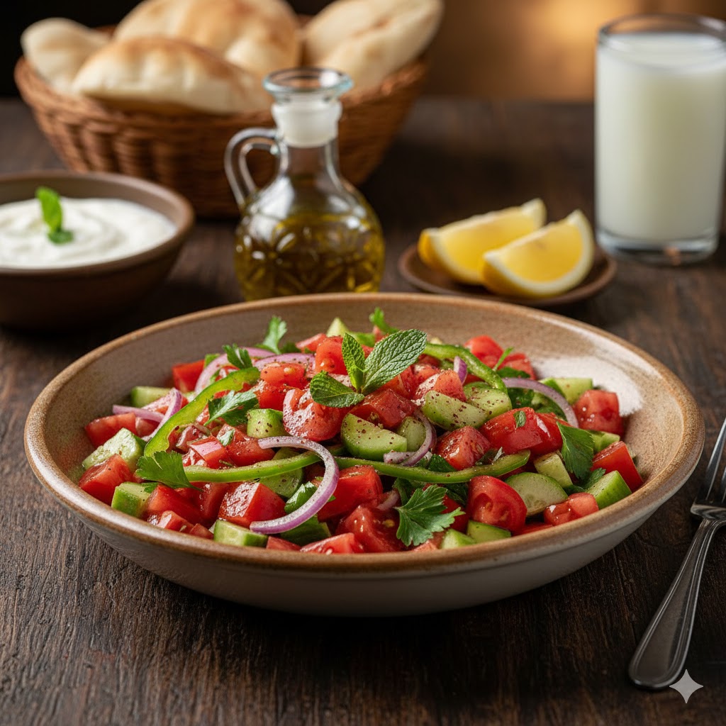 Taze domates, salatalık, yeşil biber ve soğanın uyumlu birlikteliği; zeytinyağı ve limonla tamamlanır.
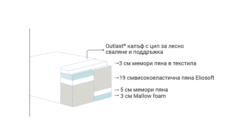 Модерен, мек матрак с трипластовото ядро от мемори, високоеластична пяна и пяна Mallow с екстракт от билката малва.
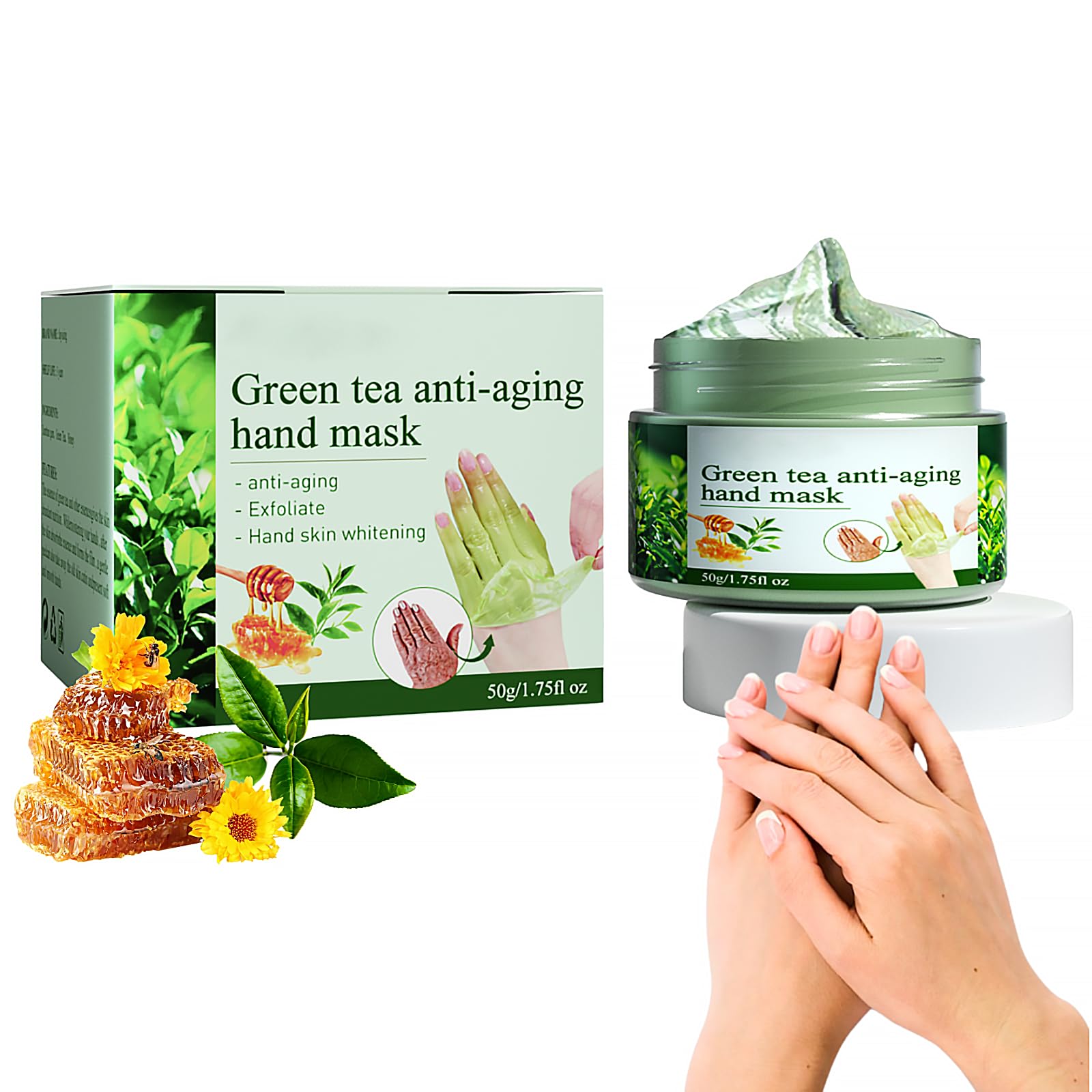Natural Green Tea Honey Hand Mask: Gently apply on hands to form a moisturizing film, moisturizeand purify tender skin, help to improve dry and rough hands,and make hands smooth and delicate like silk! Main Advantages of Green Tea Hand Peeling Mask: ? Nourishing & Moisturising ? Peel Away hard dead Skin ? Exfoliates Rough Skin ? Prevents Dryness User Manual of Green Tea Tearing Hand Mask: 1. Clean and dry hands. Apply the Hand Mask Moisturizing evenly to the back of both hands, about 1-2mm thick. 2.After applying evenly, let it sit for 20-30 minutes until the hand mask forms a film. 3. After the Green Tea hydrating hand masks is fully coated, gently peel off along the edge. (For those with heavy hand hair, there may be slight pain) Warm Tips: Before using any new product, we recommend that you try it on the skin behind your ear. If you experience any discomfort or skin reactions, please stop using it. Children under three years old should not use it. SAFETY WARNING For external use only. Avoid contact with eyes. Keep away from naked flame or direct heat sources.

## Instructions for the task:
Make an exact printout of the listing above, omitting the images.

## Exercise answer:
 Taze domates, salatalık, yeşil biber ve soğanın uyumlu birlikteliği; zeytinyağı ve limonla tamamlanır.
 Модерен, мек матрак с трипластовото ядро от мемори, високоеластична пяна и пяна Mallow с екстракт от билката малва.
Natural Green Tea Honey Hand Mask: Gently apply on hands to form a moisturizing film, moisturizeand purify tender skin, help to improve dry and rough hands,and make hands smooth and delicate like silk! Main Advantages of Green Tea Hand Peeling Mask: ? Nourishing & Moisturising ? Peel Away hard dead Skin ? Exfoliates Rough Skin ? Prevents Dryness User Manual of Green Tea Tearing Hand Mask: 1. Clean and dry hands. Apply the Hand Mask Moisturizing evenly to the back of both hands, about 1-2mm thick. 2.After applying evenly, let it sit for 20-30 minutes until the hand mask forms a film. 3. After the Green Tea hydrating hand masks is fully coated, gently peel off along the edge. (For those with heavy hand hair, there may be slight pain) Warm Tips: Before using any new product, we recommend that you try it on the skin behind your ear. If you experience any discomfort or skin reactions, please stop using it. Children under three years old should not use it. SAFETY WARNING For external use only. Avoid contact with eyes. Keep away from naked flame or direct heat sources.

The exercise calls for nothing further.